L’ultima questione è la più controversa. L’Italia ha molte disponibilità di capitali ma scarseggia di capitalisti disponibili a fare investimenti pazienti, ecosostenibili, innovativi. Non mancano le eccezioni, sono individuabili molte best practices, ma non c’è una diffusione sistemica delle condizioni per favorire capacità imprenditoriali non tradizionali e non di nicchia. Il lavoro potrebbe avere più possibilità di espandersi se intervenissero sia riforme sempre evocate ma mai attuate (in primis giustizia e buona amministrazione centrale e locale), sia nuovi soggetti economici interessati a investimenti non speculativi. Se ne potrebbero individuare di interessanti (molto tempo fa il sindacato, su stimolo della CISL, parlò di introdurre un prelievo dello 0,5% sul salario per alimentare un fondo per investimenti nel Mezzogiorno, ma un inedito asse tra PCI di allora e Confindustria stoppò l’iniziativa). Però, già ora, sarebbe possibile orientare modeste quote dei fondi pensione integrativi verso il potenziamento di attività tecnologicamente avanzate, ecosostenibili e con occupazione stabile.

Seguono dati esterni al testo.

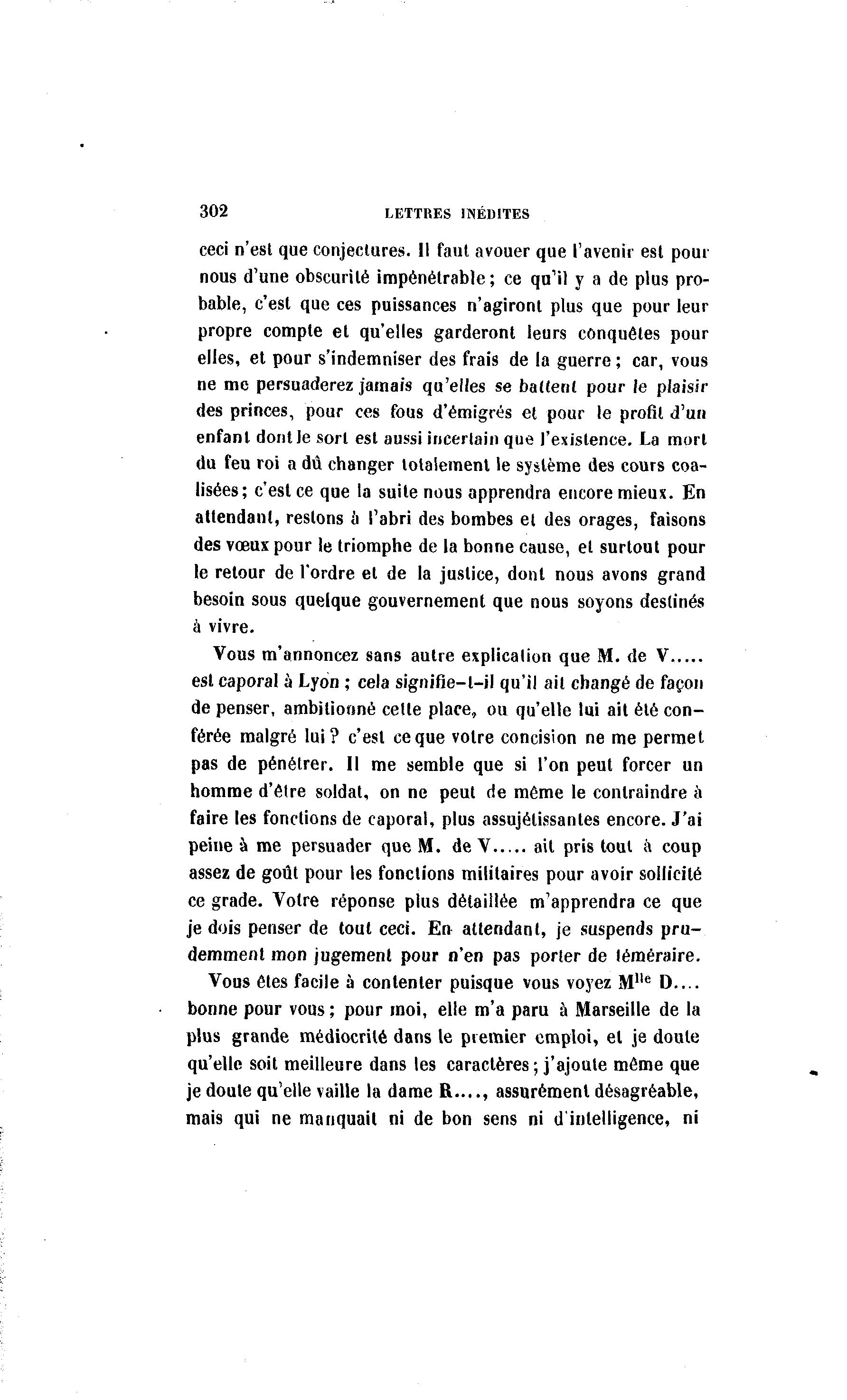 302 LETTRES INÉDITES ceci n'est que conjectures. 11 faut avouer que l'avenir est pour nous d'une obscurité impénétrable ; ce qu'il y a de plus pro- bable, c'est que ces puissances n'agiront plus que pour leur propre compte et qu'elles garderont leurs conquêtes pour elles, et pour s'indemniser des frais de la guerre ; car, vous ne me persuaderez jamais qu'elles se battent pour le plaisir des princes, pour ces fous d'émigrés et pour le profil d'un enfant dont Je sort est aussi incertain que l'existence. La mort du feu roi a dû changer totalement le système des cours coa- lisées; c'est ce que la suite nous apprendra encore mieux. En attendant, restons à l'abri des bombes et des orages, faisons des vœux pour le triomphe de la bonne cause, et surtout pour le retour de l'ordre et de la justice, dont nous avons grand besoin sous quelque gouvernement que nous soyons destinés à vivre. Vous m'annoncez sans autre explication que M. de V est caporal à Lyon ; cela signifie—l—il qu'il ait changé de façon de penser, ambitionné cette place, ou qu'elle lui ait été con- férée malgré lui? c'est ce que votre concision ne me permet pas de pénétrer. Il me semble que si l'on peut forcer un homme d'être soldat, on ne peut de même le contraindre à faire les fondions de caporal, plus assujétissantes encore. J'ai peine à me persuader que M. de V ait pris tout à coup assez de goût pour les fonctions militaires pour avoir sollicité ce grade. Votre réponse plus détaillée m'apprendra ce que je dois penser de tout ceci. Eu attendant, je suspends pru- demment mon jugement pour n'en pas porter de téméraire. Vous êtes facile à contenter puisque vous voyez MIle D.... bonne pour vous ; pour moi, elle m'a paru à Marseille de la plus grande médiocrité dans le premier emploi, et je doute qu'elle soit meilleure dans les caractères ; j'ajoute même que je doute qu'elle vaille la dame R...., assurément désagréable, mais qui ne manquait ni de bon sens ni d intelligence, ni

In definitiva, in questa fase di transizione, il ruolo del lavoratore va visto in una dimensione adeguata alla prospettiva di cambiamento epocale in cui siamo immersi. E’ riduttivo e forse sterile evocare un rinnovato ruolo dello Stato imprenditore (mai come ora, abbiamo letto nostalgiche evocazioni dell’IRI) come unica alternativa alla latitanza dell’imprenditoria privata. Il lavoratore non è un eccetera della società; è uno dei suoi pochi fulcri vitali. Quindi, non basta che ci si impegni per aggiornare continuamente la sua funzione di produttore, per evitare che venga rimandato nell’antica subalternità o nella più recente marginalità. Deve diventare anche protagonista collettivo e determinante di cambiamenti nella politica economica, nella lotta all’inquinamento, nell’umanizzazione dell’economia digitale. Si tratta di dargli una dimensione complessiva e non corporativa o difensiva. Soltanto così può riaffermare con successo la sua dignità nella vita individuale e la sua centralità nelle scelte culturali e politiche di questo Paese.